A native of Split, Croatia, from the central Veli Varoš quarter, Stipica passed Hajduk Split's academy, gaining his first senior appearances on loan at Hajduk's third-tier feeder team at the time, GOŠK Kaštel Gomilica, at the age of 17.

He made his Prva HNL debut a few weeks before his 19th birthday, in a 5–2 away win against NK Croatia Sesvete on 5 May 2010. With the likes of Danijel Subašić, Vjekoslav Tomić, Goran Blažević, and Lovre Kalinić in front of him, however, he spent the following few seasons either as third-choice goalkeeper or on loan in various second- and third-tier teams.

He got more playing time in the 2013–14 season, after first-choice keeper Lovre Kalinić got injured, but was injured in turn, missing the season's end.
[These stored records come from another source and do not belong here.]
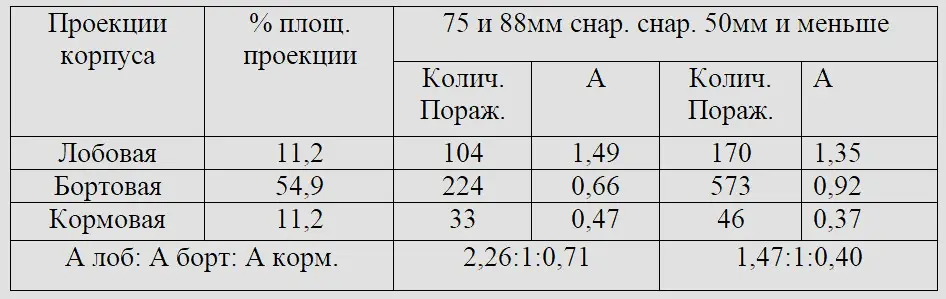 Распределение снарядных поражений между лобовой, бортовой и кормовой проекциями корпуса и относительные удельные снарядные нагрузки «А» на эти проекции представлены в таблице ниже.
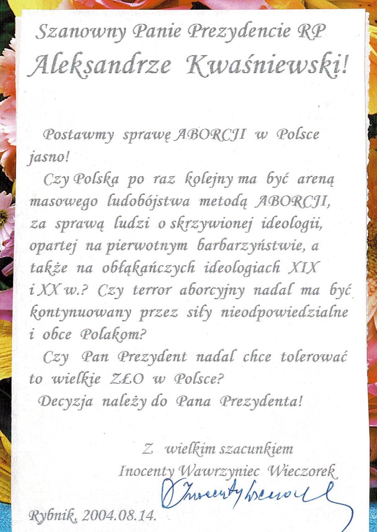 Treść dedykacji : Szanowny Panie Prezydencie RP Aleksandrze Kwaśniewski Postawmy sprawę aborcji w Polsce jasno ! Czy Polska po raz kolejny ma być areną masowego ludobójstwa metodą aborcji, za sprawą ludzi o skrzywionej ideologii, opartej na pierwotnym barbarzyństwie, a także na obłąkańczych ideologiach XIX i XX w.? Czy terror aborcyjny nadal ma być kontynuowany przez siły nieodpowiedzialne i obce Polakom? Czy Pan Prezydent nadal chce tolerować to wielkie ZŁO w Polsce? Decyzja należy do Pana Prezydenta! Z wielkim szacunkiem Inocenty Wawrzyniec Wieczorek , Rybnik, 2004.08.14
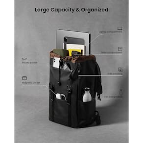 tomtoc Mochila para laptop com aba de 22L, leve, resistente à água e casual, Escuro., Mochilas Daypack - tomtoc Mochila Vintage Collection - VintPack TA1: a mistura perfeita de estilo vintage e praticidade. Com uma capacidade espaçosa de 22 L e compartimento principal espaçoso, esta mochila tem tudo o que você precisa para viagens urbanas e excursões ao ar livre. Possui um design clássico de aba, tanto para ser elegante quanto resistente à chuva - Grande capacidade e organização: o VintPack oferece amplo espaço de armazenamento para atender a todas as suas necessidades de viagem: um bolso superior conveniente, um bolso com zíper e um bolso magnético na frente para acesso rápido aos seus itens essenciais. Dois bolsos laterais ajustáveis podem acomodar garrafas de tamanhos diferentes. Uma entrada lateral de acesso rápido adicionada para fácil acesso sem abrir a bolsa - Se importa com seus dispositivos? Nós entendemos: para manter seus equipamentos digitais seguros e salvos, adotamos o design sofisticado de almofada acolchoada com forro macio no interior, durável contra choques ou choques durante a viagem. Nada com que se preocupar, desde que coloque as coisas no lugar - Transporte grande, sensação leve: além do painel traseiro acolchoado e respirável para uso prolongado, as alças acolchoadas aprimoradas pelo ajustador de alça YKK para manter o comprimento facilmente ajustável, também fornecem conforto para cargas grandes. O painel traseiro apresenta um design de alça de bagagem que se encaixa perfeitamente sobre o guidão de bagagem, satisfazendo vários cenários de viagem. Mantém uma sensação leve, não importa mais ou menos carregada - Detalhes em mente: uma alça superior junto com uma alça no interior sob a aba, facilitando a movimentação da mochila a qualquer momento. Um design de fecho de cordão retrô, fácil para os usuários ajustarem o diâmetro da mochila. Ambos os fechos são aprimorados pela fivela Durafex e Anmco de alta qualidade, que equilibra durabilidade e estilo
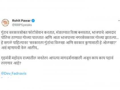 रोहित पवार यांनी या अशा घटनांवरून राज्यातील सरकारवर आणि देवेंद्र फडणवीस यांच्यावर जोरदार हल्लाबोल केला आहे. "हे सगळं पाहिल्यावर ‘सरकारला गुंडांचा विळखा आणि सरकार कुणासाठी हे ओळखा?’ असं म्हणायची वेळ आलीय..." असं म्हणत निशाणा साधला आहे. तसेच "गृहमंत्री महोदय राज्यातील जनतेला आपल्या मागदर्शनाखाली अजून काय काय पाहावं लागणार आहे?" असा खोचक सवाल देखील विचारला आहे.
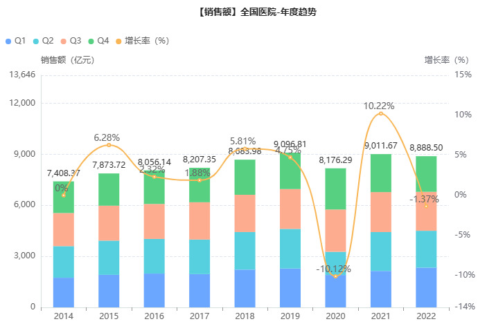据药融云数据库显示,2022年全年,全国院内销售市场规模为8889亿元,与2021年相比略有下滑。排名前10的药品共计占到总市场份额的8.4%,主要集中在系统用抗感染药及血液和造血系统用药领域。
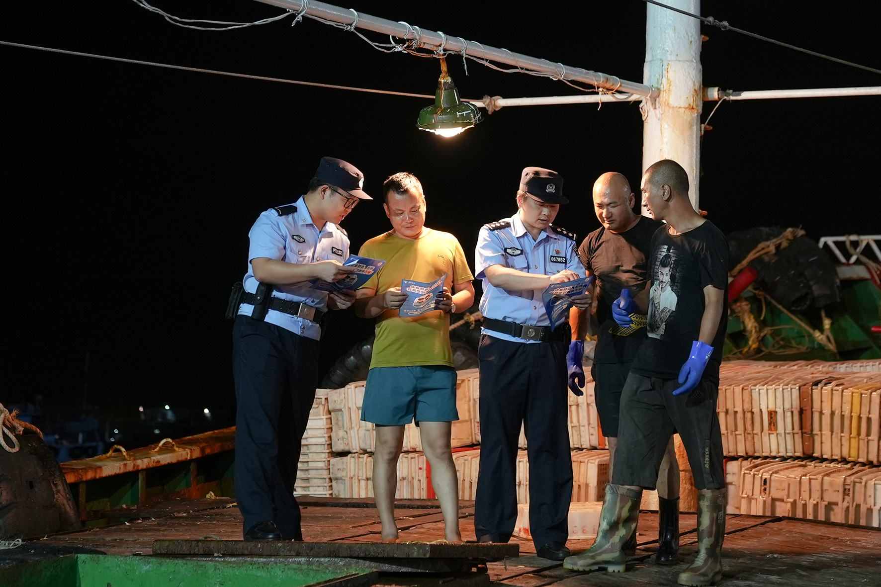 圖為9月19日晚,民警向正在船上作業(yè)的漁民開展安全防范宣傳。
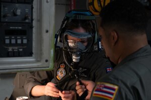 Royal Australian Air Force Corporal Felicity Hull, Number 36 Squadron loadmaster, inspects flight equipment with U.S. Air Force Tech Sgt. Jose Molestina, 204th Airlift Squadron loadmaster, during Joint Pacific Multinational Readiness Center 25-01 on Joint Base Elemendorf-Richardson, Alaska, Oct. 7,
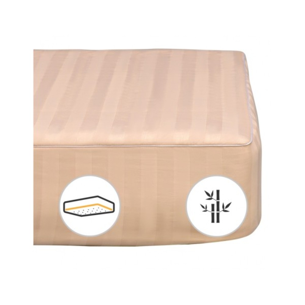 Наматрацник на гумці з високоякісної італійської тканини класу "Luxe". Тканина має назву "Сатин-страйп Італія", яка є довговічною, складається виключно зі 100% високоякісного бавовняного волокна. Сатинова тканина чохла має складне жакардове переплетення, що надає наматрацнику не тільки високоестетичної вишуканість, але й збільшує міцність тканини загалом. З іншого боку наматрацник виготовлений з італійського мікросатину, до складу якого входить бавовна та поліефірне волокно, яке надає наматрацнику легкості, довговічності.
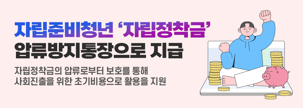 3.8일(금)부터 자립준비청년에게 지급되는 자립정착금도 압류방지통장으로 받을 수 있게 된다.
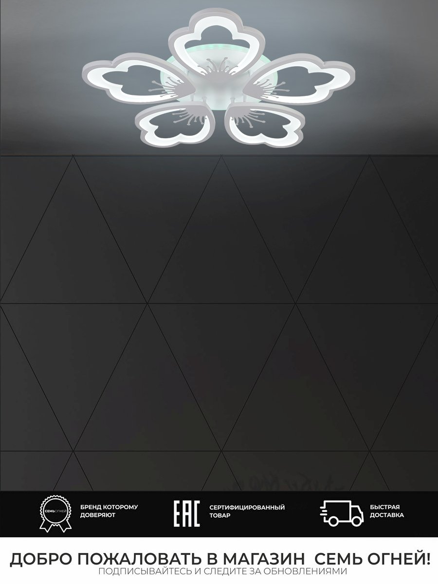 Поразительная модель SF5028/5C-WT-RGB от российской компании Seven Fires относится к коллекции Ferenk и отлично подойдет для установки на низкий потолок спальни, оформленной в стиле хай-тек. Потолочная светодиодная люстра Seven Fires Ferenk SF5028/5C-WT-RGB с плафонами в форме цветов осветит помещение площадью 20 кв. м. холодным светом. Осветительный элемент встроен в конструкцию и не требует приобретения дополнительных лампочек. Прибор произведен с использованием материалов: металл и акрил, металл и акрил и может использоваться для натяжного потолка. В комплект поставки входит пульт дистанционного управления. Основным цветом товара является Белый. Потолочная светодиодная люстра SF5028/5C-WT-RGB с диммером продается по цене 5920 руб. Торопитесь сделать заказ в интернет-магазине Top Otdelka.
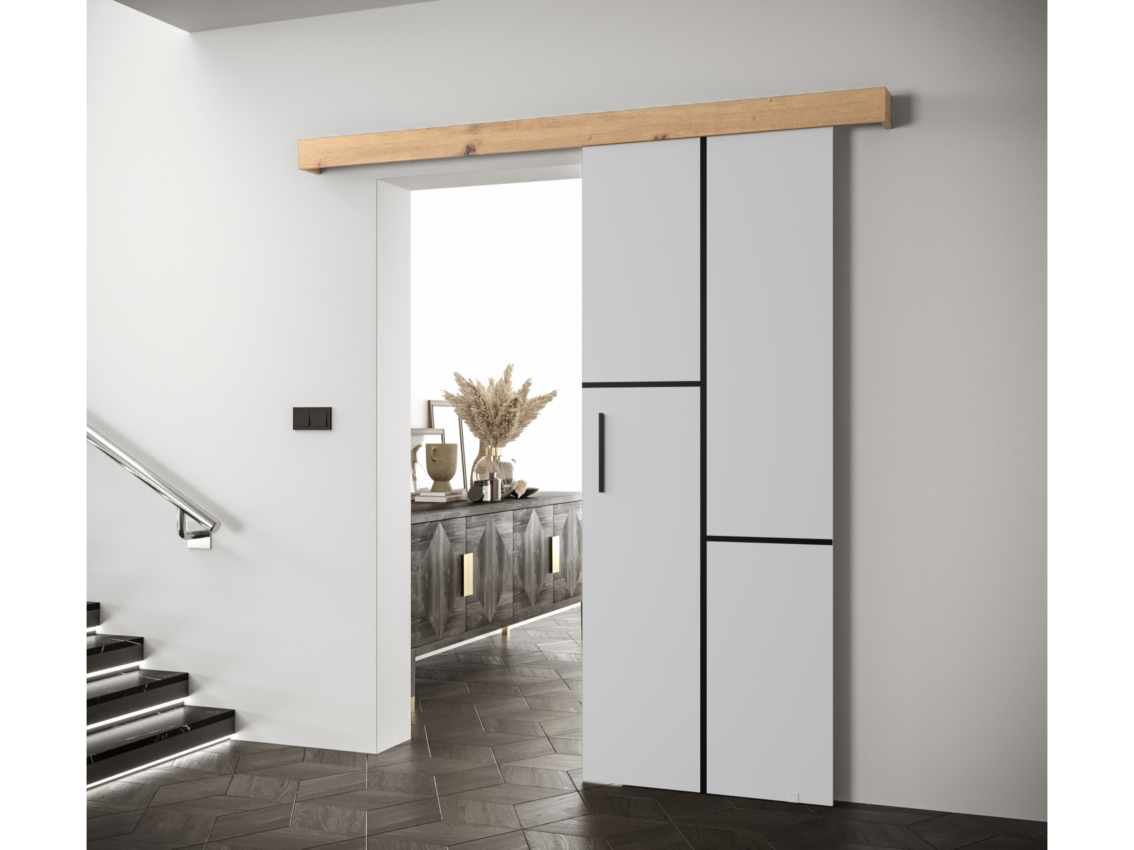 Uși culisante 90 cm Sharlene VII (alb mat + stejar artisan + negru)

Stipica started the 2014–15 season as first-choice keeper, but conceded his place to the recovered Kalinić after some time.
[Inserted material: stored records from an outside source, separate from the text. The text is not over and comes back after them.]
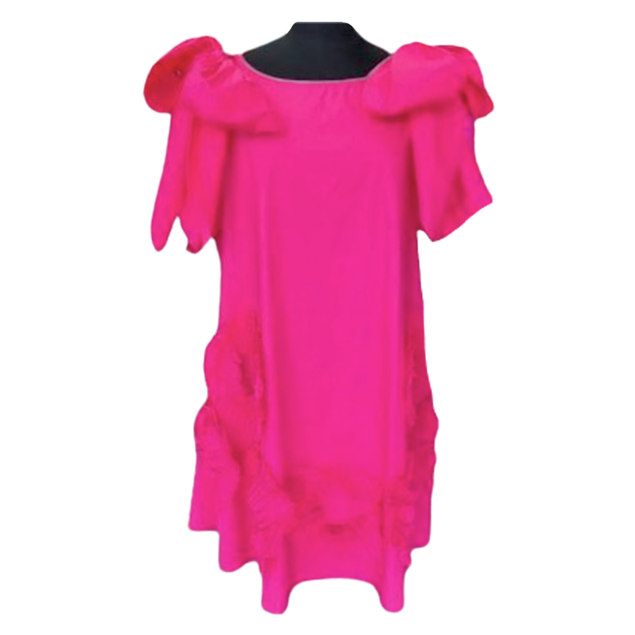 This hot pink dress is perfect for making a statement. With bows on each shoulder, it adds a cute and playful touch to the elegant design. Ideal for special occasions, the vibrant color and charming details make it a standout choice.
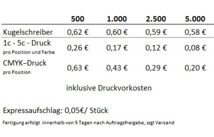 Material: Kunststoff Farben: In 10 verschiedenen Farben erhältlich, siehe AbbildungBeschreibung: Poliert opake Gehäuseoberfläche, weißer Schaft, Clip und Softgriffzone farbig, Ausgestattet mit: magic flow G2 Mine (1,0 mm)Schreiblänge: bis zu 5.000 mSchreibfarbe: blau bzw. schwarz schreibendDruckbereiche:Clip: (1) 1c – 5c-Druck CMYK-Druck 35 x 7 mmSchaft: (2) 1c – 5c-Druck 30 x 20 mm, (3) 1c – 5c-Druck 35 x 12 mm, (4) CMYK-Druck 60 x 7 mm, (5) 1c – 5c-Druck 50 x 35 mm (ab 1.000 Stück), (6) CMYK-Druck 60 x 35 mm (ab 1.000 Stück)*Nummern markieren Druckstelle ( in Druckstandskizze einsehbar )Mindestbestellmenge: 500 StückLieferzeitraum: ca. 12 Arbeitstage ab DruckfreigabeMade in GermanyProduziert mit Ökostrom
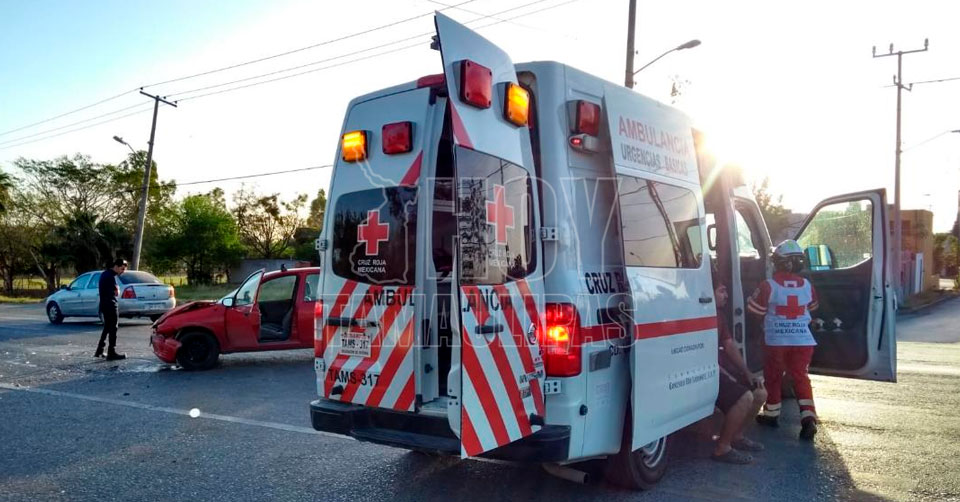 Paramédicos de la Cruz Roja brindaron la atención prehospitalaria a los conductores de un vehículo Chevrolet Chevy rojo y un Chevy Monza gris.
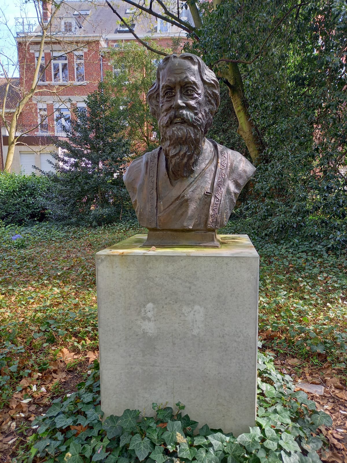 The bronze statue of Tagore in the Erasmus garden in Leuven was inaugurated on May 7, 2015 by the Ambassador of India to Belgium, H.E. Mr. Manjeev Singh Pur. It was placed there on the occasion of Tagore’s 154th birthday. It’s the first bust of the famous Indian artist installed in Belgium.

He injured his right knee in October 2014, missing out on the rest of the season, which prompted the signing of Marko Ranilović at mid-season. Stipica signed with Bulgarian club CSKA Sofia in June 2018, where he saw limited action, being the second choice goalkeeper to Vytautas Černiauskas, and left the team in May 2019, after the end of the season.

==Personal life==
Stipica studied law at the University of Split.